En esta línea, Eduardo Latorre Nanrjari, Director del Departamento de Minas, comentó durante su intervención que: “Esta instancia no solo nos invita a mirar con orgullo nuestra historia, sino también a asumir con responsabilidad el desafío de proyectar este legado en la formación de los profesionales que liderarán la minería del futuro”.

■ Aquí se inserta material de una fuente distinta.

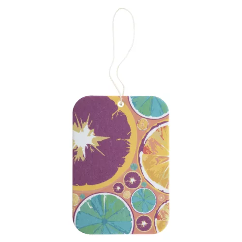 Egyedi gyártású autóillatosító különböző formában és illatban (egzotikus, zöld alma, citrom, új autó, óceán, vanília, luxus, mentol). Full colour nyomtatással a termék mindkét oldalán. Minimális rendelési mennyiség: 250 db.

Además, agregó que “Como Departamento, somos herederos de una tradición marcada por la excelencia, el rigor y una profunda vinculación con la industria, elementos que hoy seguimos fortaleciendo a través de una formación actualizada, pertinente y comprometida con el desarrollo sostenible del territorio. Nuestro compromiso es claro, continuar formando ingenieros e ingenieras con sólidas competencias técnicas, pero también con sentido ético, responsabilidad social y una mirada innovadora frente a los desafíos del sector minero”.
Reconocimientos
La ceremonia incluyó reconocimientos a la excelencia académica, así como a la destacada contribución de estudiantes de la entonces Escuela de Minas de Copiapó, quienes continúan fortaleciendo la formación de nuevas generaciones mediante el impulso de oportunidades de desarrollo profesional, como prácticas, memorias y diversas instancias de vinculación con la industria.

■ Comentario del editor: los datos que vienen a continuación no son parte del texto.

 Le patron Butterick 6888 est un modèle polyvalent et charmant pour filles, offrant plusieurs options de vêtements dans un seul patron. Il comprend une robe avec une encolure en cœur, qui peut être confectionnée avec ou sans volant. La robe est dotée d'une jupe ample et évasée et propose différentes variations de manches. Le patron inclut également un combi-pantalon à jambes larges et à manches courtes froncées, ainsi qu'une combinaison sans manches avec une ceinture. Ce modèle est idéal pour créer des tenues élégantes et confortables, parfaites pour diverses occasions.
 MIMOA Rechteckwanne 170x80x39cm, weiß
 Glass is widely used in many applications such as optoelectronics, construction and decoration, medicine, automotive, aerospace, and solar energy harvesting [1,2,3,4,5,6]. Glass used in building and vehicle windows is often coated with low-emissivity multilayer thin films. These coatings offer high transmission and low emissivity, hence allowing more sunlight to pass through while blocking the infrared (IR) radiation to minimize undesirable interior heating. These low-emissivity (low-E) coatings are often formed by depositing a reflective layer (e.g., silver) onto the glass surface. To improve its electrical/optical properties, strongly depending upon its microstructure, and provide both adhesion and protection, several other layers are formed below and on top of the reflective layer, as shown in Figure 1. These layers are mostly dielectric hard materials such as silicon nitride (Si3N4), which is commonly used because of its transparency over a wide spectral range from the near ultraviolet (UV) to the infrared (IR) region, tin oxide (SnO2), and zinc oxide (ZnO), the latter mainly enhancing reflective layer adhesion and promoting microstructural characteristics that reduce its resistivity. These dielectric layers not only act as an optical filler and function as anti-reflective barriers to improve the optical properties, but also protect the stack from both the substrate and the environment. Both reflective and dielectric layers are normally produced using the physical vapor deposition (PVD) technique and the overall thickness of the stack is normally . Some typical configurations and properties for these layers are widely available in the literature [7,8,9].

Uno de los momentos más emotivos estuvo marcado por el testimonio de exalumnos, quienes relevaron el impacto formativo y humano de la institución. Rodrigo Hiplán Olivares, Superintendente de Planificación en Minera Lomas Bayas, expresó que “volver a la universidad trae muchos recuerdos. Esta es una casa que no solo forma profesionales, sino personas, y eso se lleva siempre en el corazón”. Asimismo, hizo un llamado a las nuevas generaciones a ejercer la profesión con compromiso y sentido humano.
En este sentido, Hilario Arce Órdenes, Ingeniero Civil en Minas y Superintendente de Operaciones Integradas en Minera Pucobre, destacó el orgullo de haber sido formado en la institución. “Aquí aprendimos que con esfuerzo, disciplina y dedicación se pueden lograr grandes cosas. Hoy las nuevas generaciones tienen más herramientas, pero el compromiso sigue siendo el mismo”, señaló.
Escuela de Minas de Copiapó
La historia de la Escuela de Minas de Copiapó se remonta al auge de la minería en el siglo XIX, en un contexto marcado por el descubrimiento del mineral de Chañarcillo y la necesidad de profesionalizar la actividad. Fue así como, impulsada por la Junta de Minería y bajo la dirección del ingeniero Paulino del Barrio, la institución inició sus funciones en 1857, consolidándose con el tiempo como un referente en formación técnica y científica aplicada a la minería.
A lo largo de su trayectoria, la escuela sentó las bases de un modelo educativo centrado en la rigurosidad académica, la vinculación con la industria y el aprendizaje práctico en terreno, pilares que hoy continúan vigentes en el actual Departamento de Ingeniería en Minas de la Universidad de Atacama.
En un escenario global marcado por la transición energética, la sostenibilidad y la irrupción de nuevas tecnologías, la conmemoración de este aniversario no solo evocó el pasado, sino que proyectó el futuro de la minería desde la región de Atacama. En este sentido, la comunidad universitaria reafirmó su compromiso con la formación de profesionales capaces de enfrentar los desafíos del siglo XXI, integrando innovación, responsabilidad social y desarrollo territorial.
La ceremonia, incluyó un número artístico a cargo de un Cuarteto de Cuerdas compuesto por estudiantes de la casa de estudios, una charla magistral dictada por el exalumno y Gerente General de SCM Carola, Víctor Álvarez, quien también recibió un reconocimiento por su contribución constante a nuestra casa de estudios.
Así, a casi dos siglos de su fundación, la Escuela de Minas de Copiapó continúa siendo símbolo de identidad, orgullo y proyección, consolidándose como un pilar fundamental en la historia y el futuro de la minería chilena.